[The Explorers of Australia and their Life-work by Ernest Favenc]@TWC D-Link bookThe Explorers of Australia and their Life-work CHAPTER 11 20/30
He did not emulate Cortez by burning his ship behind him, but he none the less effectually deprived himself of means of retreat by dismissing the little Hero. It was at the close of a hot summer when Eyre started, and the nature of the sandy soil, combined with the low prickly scrub, soon began to hamper their progress and render the lack of water especially severe.
On one side of them, flanking their line of march, were the cliffs of the Great Bight, against which thundered the ever-restless southern rollers; on the other there stretched a limitless expanse of dark, gloomy scrub.
Their only hope of relief was the faint chance of striking some native path which might lead them to an infrequent soakage-spring.
Even in these depressing circumstances, Eyre seems to have found time to express his admiration of Nature as she then revealed herself to him:-- "Distressing and fatal as the continuance of these cliffs might prove to us, there was a grandeur and sublimity in their appearance that was most imposing, and which struck me with admiration.

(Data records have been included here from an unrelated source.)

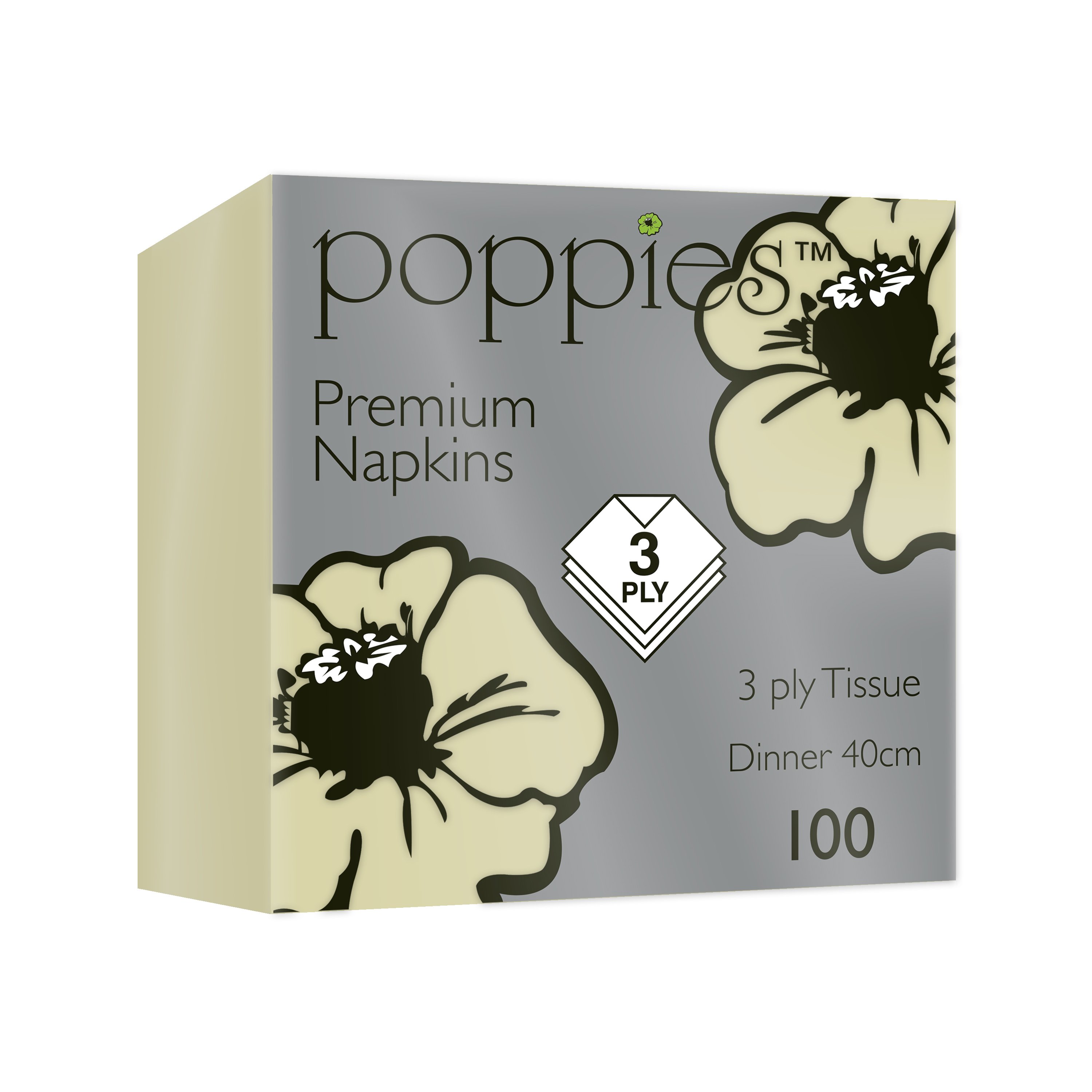 Dimensions: 40 × 40cm, 3-ply. 1,000 napkins per case (10 packs of 100).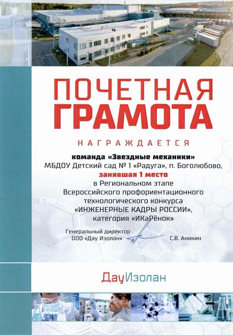 ???? 1 место - «Звездные механики» (Детский сад №1 «Радуга», п. Боголюбово): Малышев Иван, Савичев Юрий, Волотовская Ольга. Тренер - Романенко Ольга Валерьевна.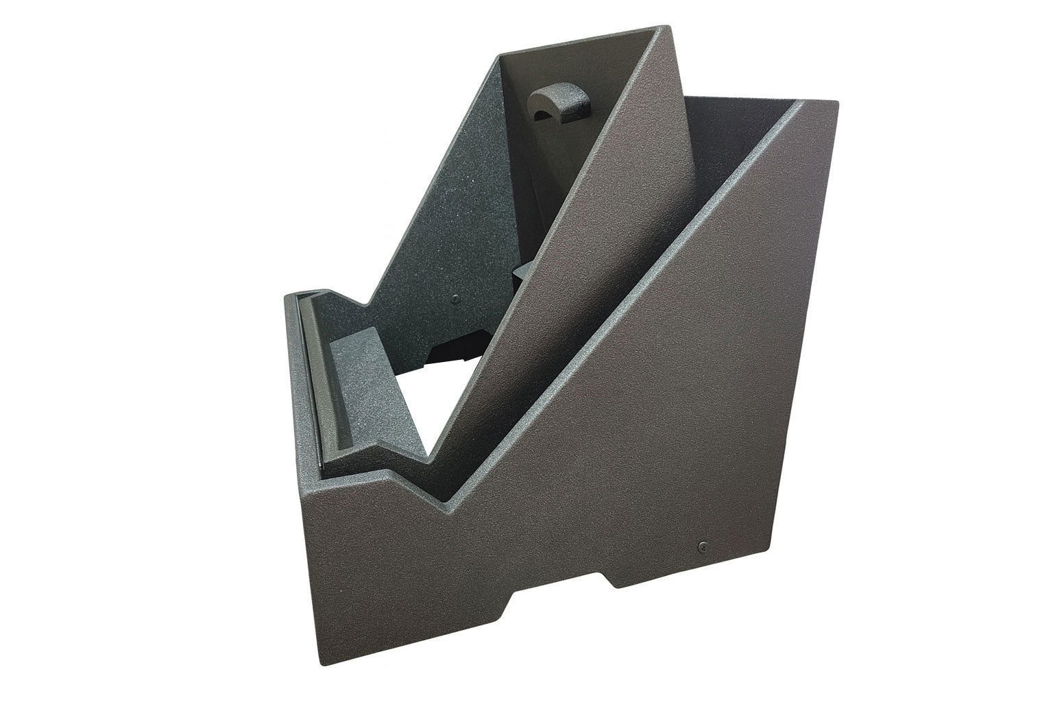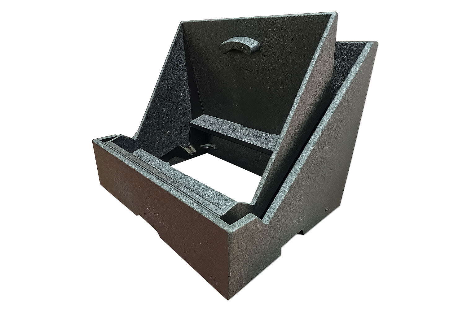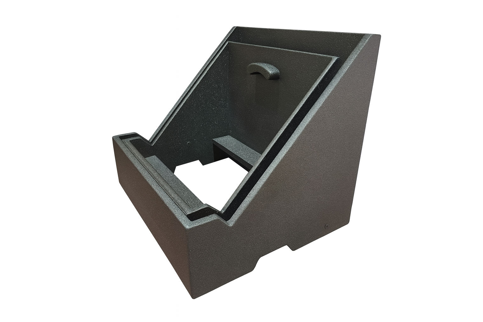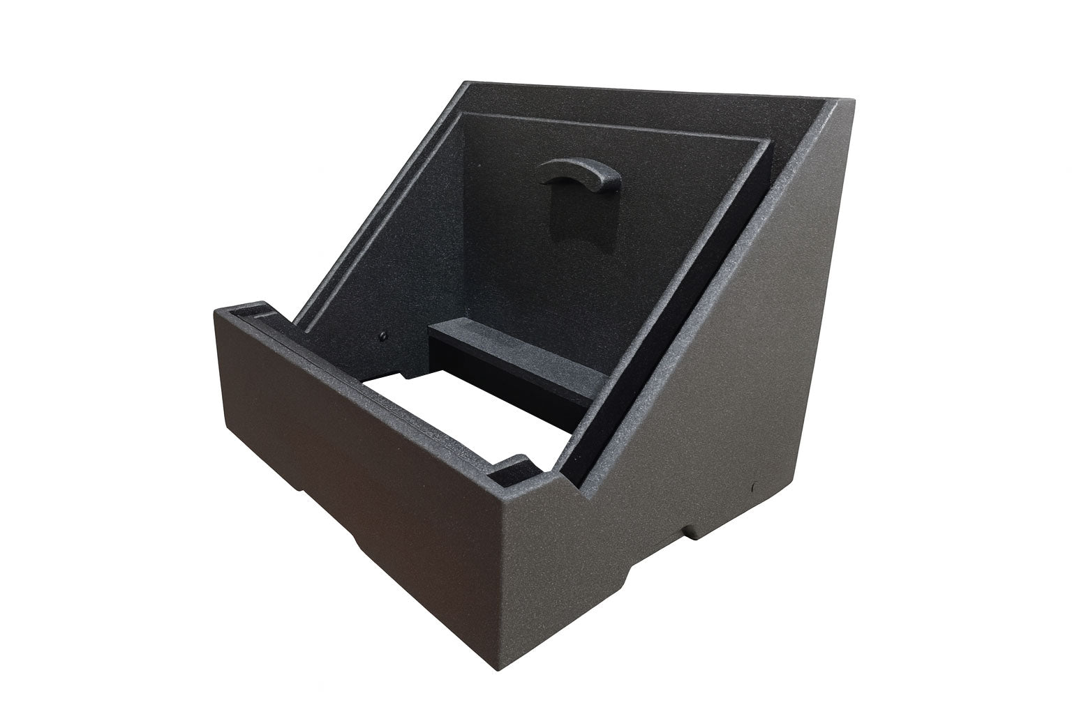 This monitor hide is adjustable, allowing it to be set a certain angle for the monitor to fit into.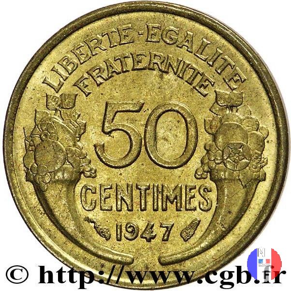50 centesimi Morlon - bronzo-alluminio Dritto: REPUBLIQUE FRANÇAISE - MORLON Busto coronato di grano (volto a sinistra) della Marianna, che indossa il berretto frigio Verso: 50 CENTIMES - 1947 - LIBERTE-EGALITE FRATERNITE Due cornucopie | |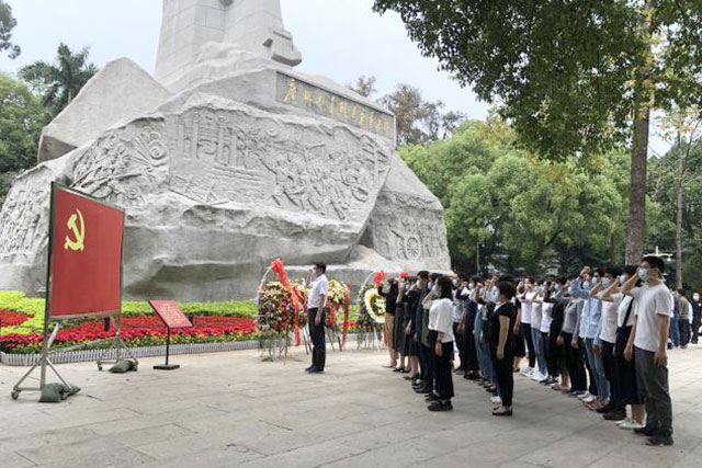 在广州起义烈士陵园纪念碑前,大家重温了广州起义的历史。广州起义是发生于1927年12月11日,张太雷、叶挺、叶剑英等人领导工人、农民和革命士兵举行的反抗国民党反动派的武装起义。经过三天浴血奋战,因敌我力量悬殊,起义失败。这是中国共产党和中国人民继南昌起义、湘赣边界秋收起义之后,对国民党反动派的又一次英勇反击,在国内外引起了巨大的震动。起义军和工农群众英勇战斗、不怕牺牲的革命精神给了中国人民新的鼓舞,在中国人民革命斗争史上写下了光辉壮丽的一页。同时,也为中国革命事业提供了宝贵的经验,保存下来的革命力量继续顽强战斗,成为中国人民解放军的重要组成部分和革命火种。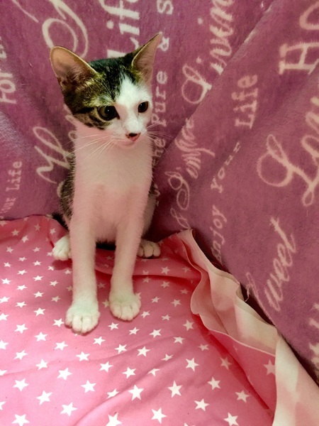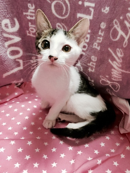 | 特徴(性格など) | 【仮名】ぐーちゃんくん 【性格】ぽや~んとしたお顔ですが、遊んでる時は別猫のように荒業を繰り出し、相手をギブまで持込みます。お姉さんのケティやストーリアとはいつもじゃれ合ってます。 1人だと寂しくて泣いちゃうので、同世代のにゃんことのお迎えを希望します。 先住ちゃんがいる場合は1匹OKです。 |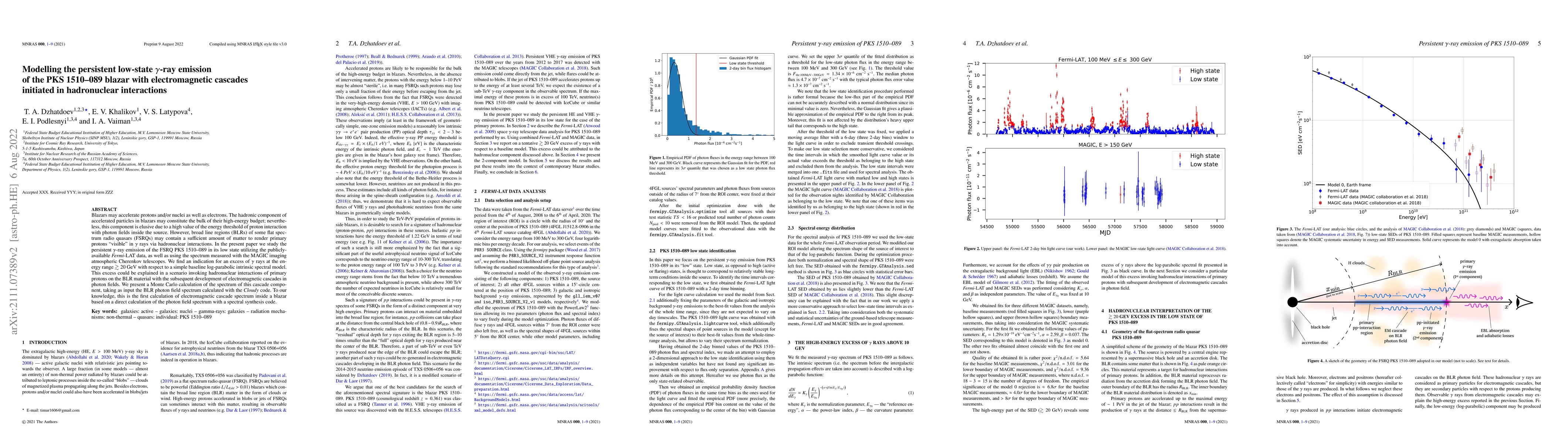This paper investigates the persistent low-state $\gamma$-ray emission of the FSRQ PKS 1510-089, suggesting an excess of $\gamma$ rays at energies $\gtrsim 20$ GeV. The authors propose that this excess may be due to hadronuclear interactions in the broad line region, leading to electromagnetic cascades, and present a novel Monte Carlo calculation based on a direct photon field spectrum synthesis.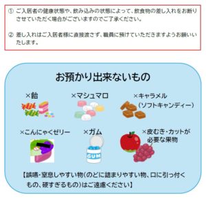 - 飲食:職員がお預かりできないものは下記をご参照ください。職員は同席しないため、 喉に詰めないよう安全に召し上がってください。また面会中は事故のないようご注意ください。

Stretching out before us in lofty, unbroken outline, they presented the singular and romantic appearance of massy battlements of masonry, supported by huge buttresses, glittering in the morning sun which had now risen upon them, and made the scene beautiful even amidst the dangers and anxieties of our situation." Five days of slow, dragging toil passed, until, with the horses at their last gasp, and the men baked and parched, they found relief in some native wells amongst the sandhills, at a point where the cliffs receded from the sea. After resting for some days at this camp, Eyre, misled by a report he had obtained from the natives, again moved forward, taking with him but a small supply of water.